WHAT THE TASK ASKS: The answer should hold only the lines from the one containing "LEBRIJA - ANTEQUERA" through the one containing "Գետիկի ամրոցը (Ժ-ԺԳ" in the entries below, copied exactly, without pictures.

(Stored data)
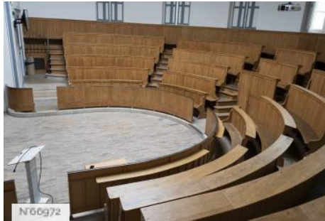
Ecole Nationale Vétérinaire d'Alfort - Amphithéâtre d'anatomie
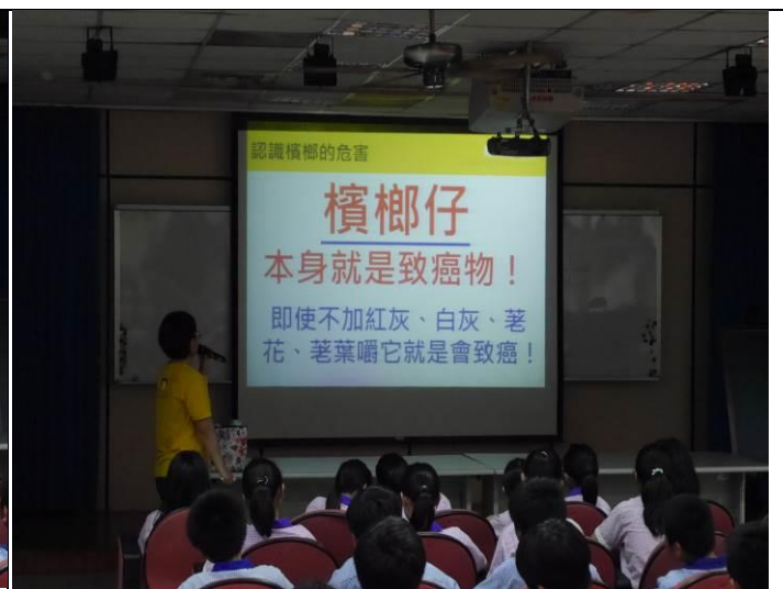
說明：說明檳榔仔本身致癌物釐清觀念
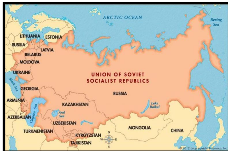
Figur 2 Kart over Sovjetunionen
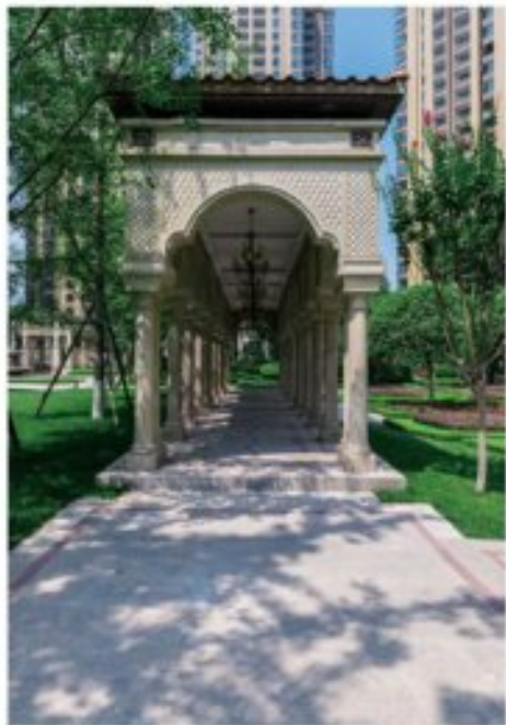
泰山祥泰·国际社区
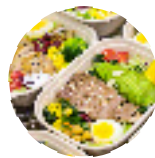
团餐供应链 CATERING SUPPLY CHAIN
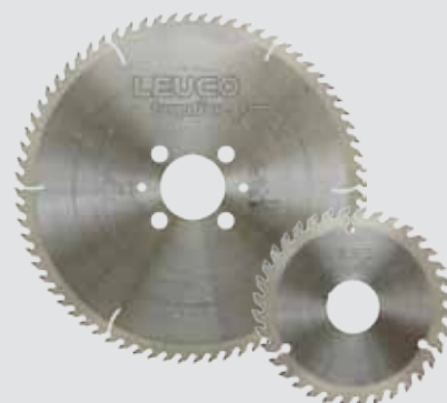
LEUCO Special Edition
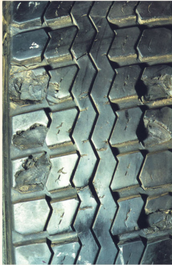
Fotos: Guia de Análises de Condições para La Lienta (Neumático) Radial
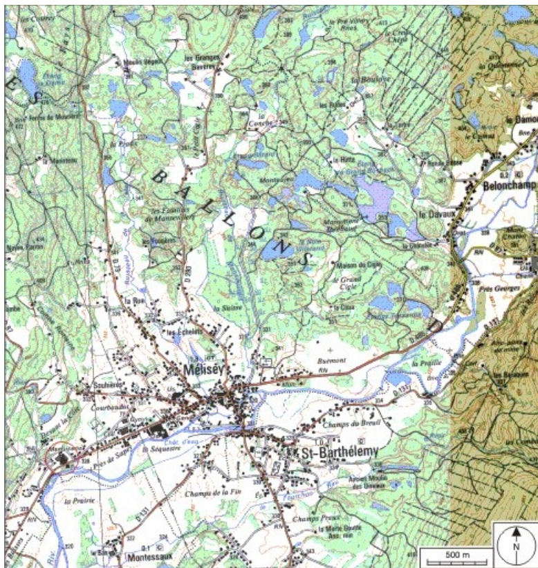
Carte de localisation. Carte topographique au 1:25000, I.G.N., Mëlisey, 3520 O. SCAN 25, Licence n°2008CISE29-68. 70, Mëlisey, 54 à 58 route de Lure
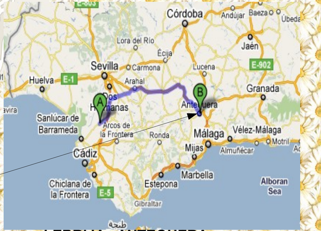
LEBRIJA - ANTEQUERA
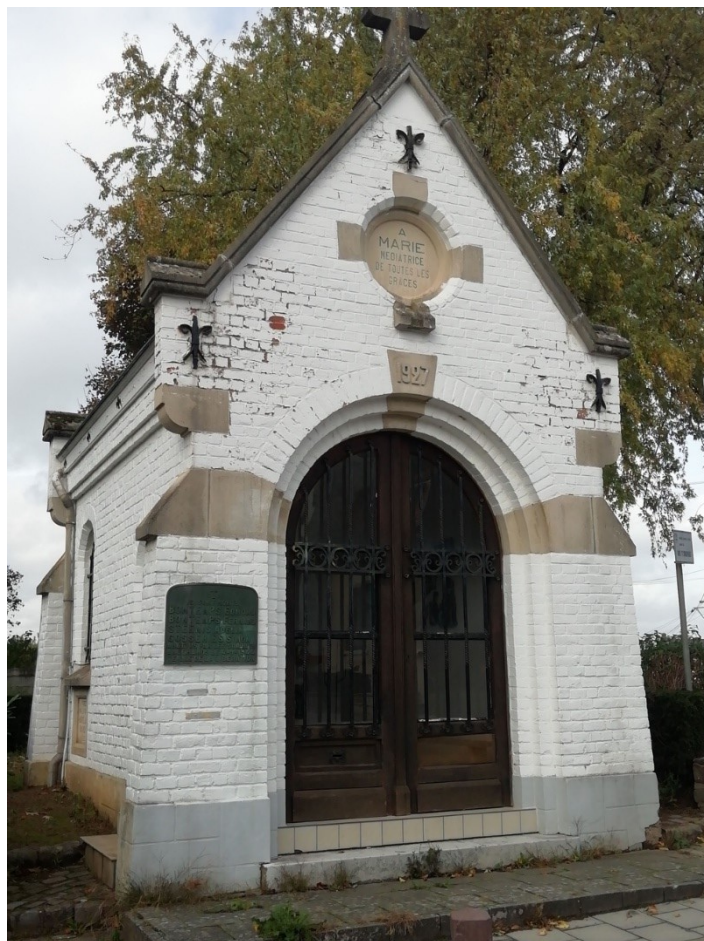
11. Chapelle du Stimont (Marie-Médiatrice), situation actuelle. (Photo : É. Bousmar, 28 octobre 2020)

quelques chaises ou bancs. Il n'est pas anodin que la dévotion à Marie médiatrice de toutes les grâces ait été portée par un Brabançon wallon d'envergure internationale, le cardinal Mercier († 1926), dont le décès précède de peu la fondation. Celui-ci possédait d'ailleurs une statue de Marie-Médiatrice en plâtre peint, à laquelle il était attaché ; après le décès du cardinal, cette dernière fut reçue, à la
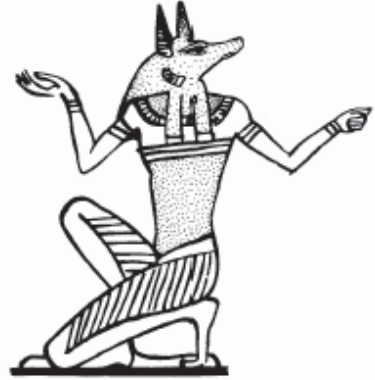
Şekil 14 akal başl A bis
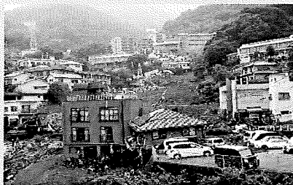
静岡県熱海市における土石流の被害状況
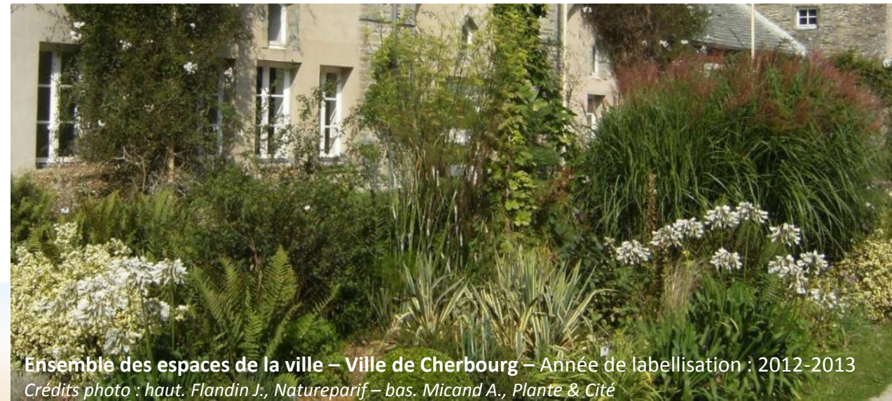
Ensemble des espaces de la ville – Ville de Cherbourg – Année de labellisation : 2012-2013
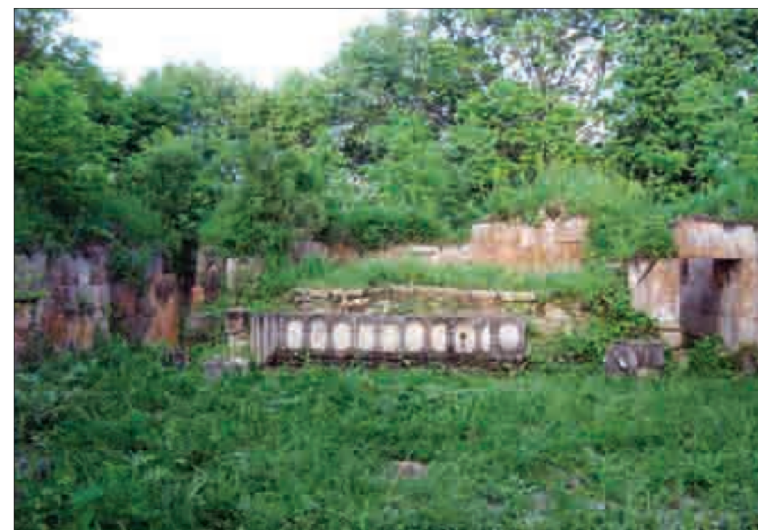
Գետիկի ամրոցը (Ժ-ԺԳ դդ.) և Խամշի վանքը (ԺԲ դ.) The castle of Getik (10th to 13th centuries) and Khamshi Monastery (12th century)
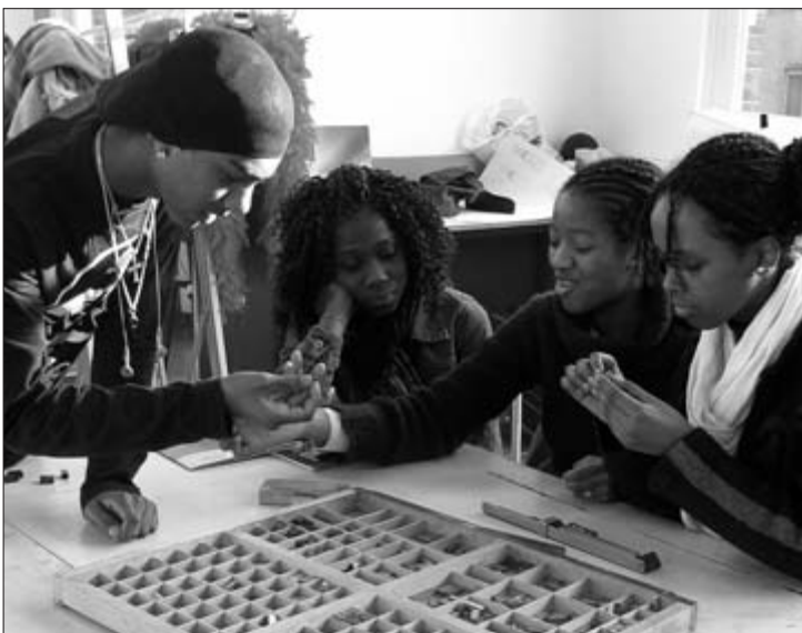
Het Persmuseum ontwikkelde vanaf 2002 een gevarieerd educatief aanbod. Rondom thema's als (foto)journalistiek, cartoontekenen, techniek en persgeschiedenis zijn interactieve lessen en workshops gemaakt voor de verschillende leeftijden en niveaus van het onderwijs. Hier zijn leerlingen aan het werk in de workshop 'ff een krant maken!'.
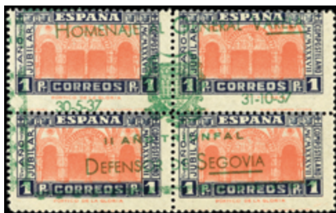
2366 60 €
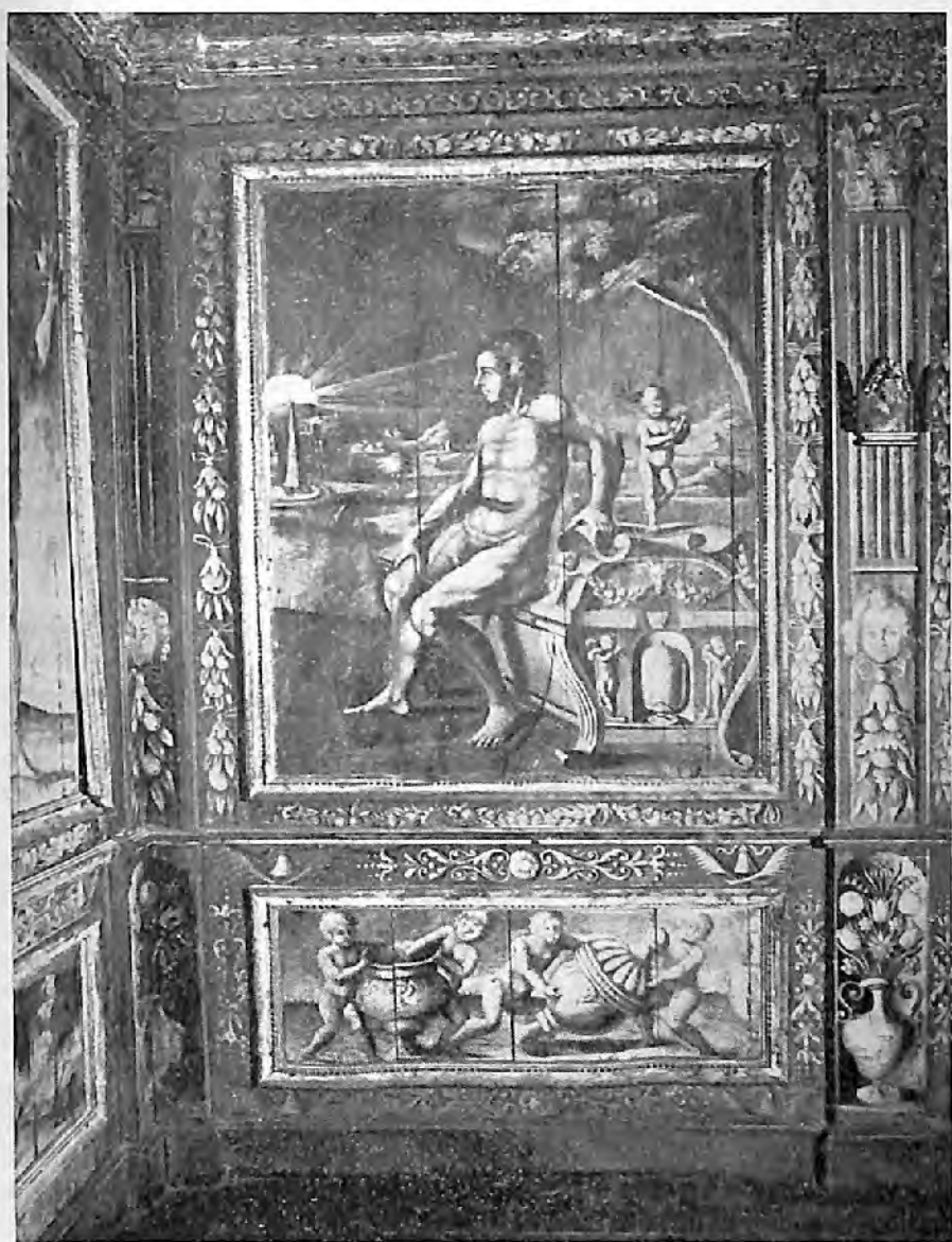
VI. — Personnage non identifié.
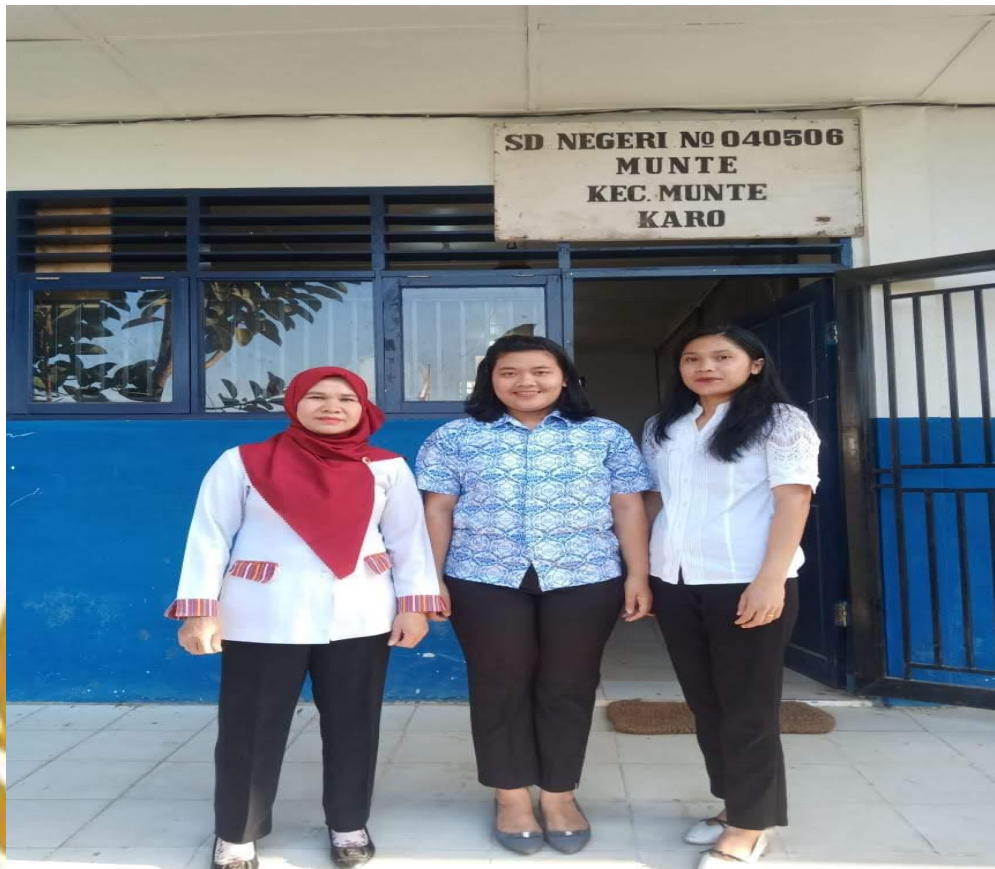
Peneliti foto bersama kepala sekolah dan wali kelas II
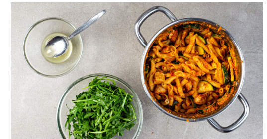
6. Fertigstellen & servieren

Den Käse fein reiben. Die Sonnenblumenkerne , den Käse , die getrockneten Tomaten , die Paprika , den Knoblauch , 1TL Essig und 1 kräftige Prise Salz in einem hohen Gefäß mit einem Stabmixer zu einem glatten Pesto pürieren.
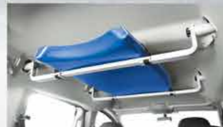
✘ Набір внутрішніх рейлінгів на дах
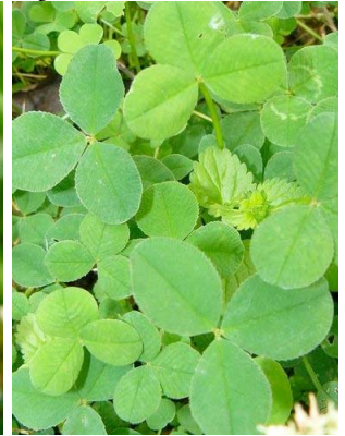
55 Trifolium repens FABACEAE
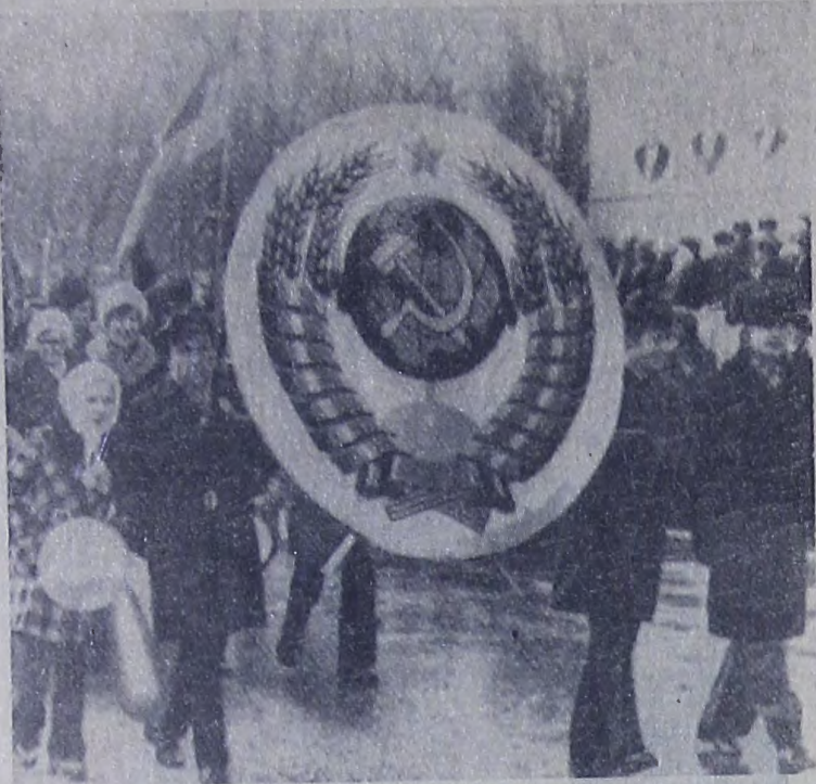
Праздничная демонстрация трудящихся Балакова 7 ноября 1977 года.
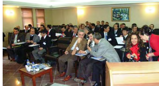
Katılımcı Komite Toplantısı JCC Meeting

In the meeting, results of the baseline studies and project implementation plan were presented and discussed earnestly. Through the articles in local newspapers, the Project attracted great attention from public.
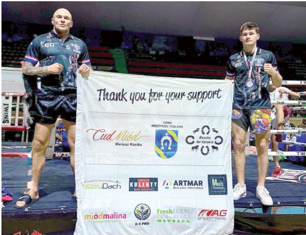
Przedstawiciele Red Lion Club z Międzyrzeca dziękują partnerom, którzy wsparli wyjazd na Mistrzostwa Świata

Mistrzostwa Świata W.M.F. to jedno z najważniejszych wydarzeń w świecie tajskiego boks, który ma swoje korzenie właśnie w Tajlandii. Polską reprezentację
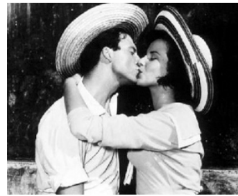
1955 LES AMOUREUX (Gli innamorati) de Mauro Bolognini avec Antonella Lualdi
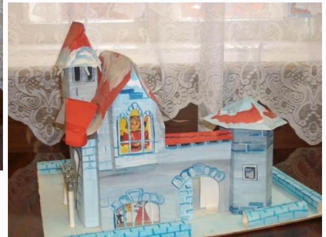
Замок Снежной королевы
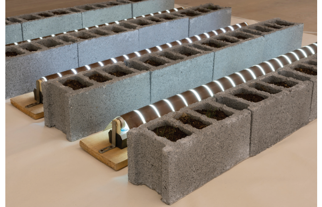
Cengiz Çekil Düzenleme No. 5, 1987 Bez, briket, toprak, çim tohumu, floresan ampul, bakır levha, ahşap, elektrik ekipmanı ve akımı 20 x 200 x 200 cm Düzenleme No. 5, sanatçının arşivinde yer alan belgelerden yola çıkılarak bu sergi için yeniden üretilmiştir.
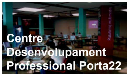
Centre Desenvolupament Professional Porta22
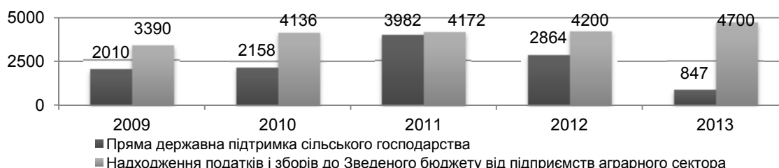
Рис. 1. Співставлення прямої державної підтримки сільського господарства України з обсягами надходження коштів від підприємств галузі до Зведеного бюджету, млн. грн.*

ся у вигляді кредитних і податкових пільг, цінового регулювання, але її дієвості підприємства не відчули. На реальну підтримку могла розраховувати хіба що обмежена група осіб, інтереси яких і любіювала влада. В більш-менш сприятливому 2013 р. обсяги прямої бюджетної підтримки галузі скоротилася в 2,4 рази та становила 847 млн. грн., і це при тому, що її ВДВ у зазначений період переросла позначку в 250 млрд. грн., а обсяги надходжень податків і зборів до Зведеного бюджету від сільськогосподарських підприємств сягнули 47 млрд. грн. (рис. 1).
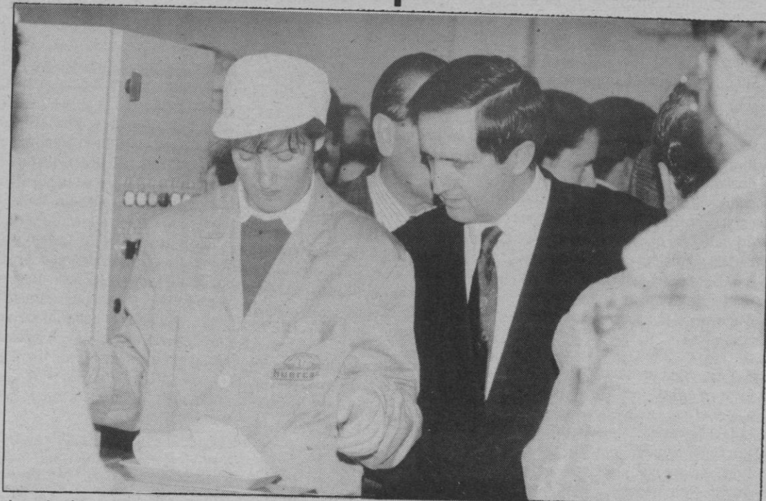
Juan José Lucas atiende a las explicaciones de una empleada de Huercasa.

Por otra parte, Juan José Lucas criticó con dureza el proyecto de ley socialista sobre Seguridad

SOLUTION TO THE EXERCISE:
LEBRIJA - ANTEQUERA
11. Chapelle du Stimont (Marie-Médiatrice), situation actuelle. (Photo : É. Bousmar, 28 octobre 2020)

quelques chaises ou bancs. Il n'est pas anodin que la dévotion à Marie médiatrice de toutes les grâces ait été portée par un Brabançon wallon d'envergure internationale, le cardinal Mercier († 1926), dont le décès précède de peu la fondation. Celui-ci possédait d'ailleurs une statue de Marie-Médiatrice en plâtre peint, à laquelle il était attaché ; après le décès du cardinal, cette dernière fut reçue, à la
Şekil 14 akal başl A bis
静岡県熱海市における土石流の被害状況
Ensemble des espaces de la ville – Ville de Cherbourg – Année de labellisation : 2012-2013
Գետիկի ամրոցը (Ժ-ԺԳ դդ.) և Խամշի վանքը (ԺԲ դ.) The castle of Getik (10th to 13th centuries) and Khamshi Monastery (12th century)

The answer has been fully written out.